Last year, CMS indicated in a Paperwork Reduction Act notice that it was interested in subjecting home health claims in five “high risk fraud states” -- Florida, Texas, Illinois, Michigan and Massachusetts -- to prior authorization. Home health companies and some beneficiary advocates criticized that proposal, and a bipartisan group of 116 House lawmakers asked CMS to scrap it. CMS later announced it would implement a pre-claim review program rather than prior authorization. The agency said the pre-claim review program addressed lawmakers concerns, but HHS Secretary Tom Price, as a member of the House, had worked on legislation to delay the demonstration for a year.

The pre-claim review demonstration started in Illinois last August, and was set to expand to Florida in April.

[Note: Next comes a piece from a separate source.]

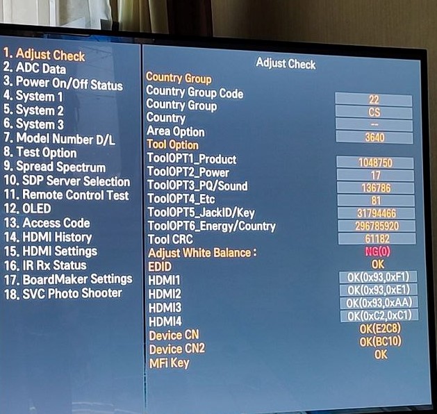 Прошу помочь если это возможно. В instart строчка white balance ng (0) стала красной (нажал reset). Хотелось бы вернуть значение ОК. Телевизор китаец Konka A55 (вроде как аналог LG B1/B2, не буду утверждать). На 4pda форумчанин скинул свои настройки ББ. Я выставил так же как у него, но строчка white balance ng (0) все равно красная.

CMS says it has paused the program in Illinois, and contractors will not accept pre-claim review requests from the end of March through the end of the pause. The agency also said it will not expand the program to Florida on April 1.

“During the pause, home health claims can be submitted for payment and will be paid under normal claim processing rules. CMS will notify providers at least 30 days in advance via an update to this website of further developments related to the demonstration,” CMS says in a post on the agency's website.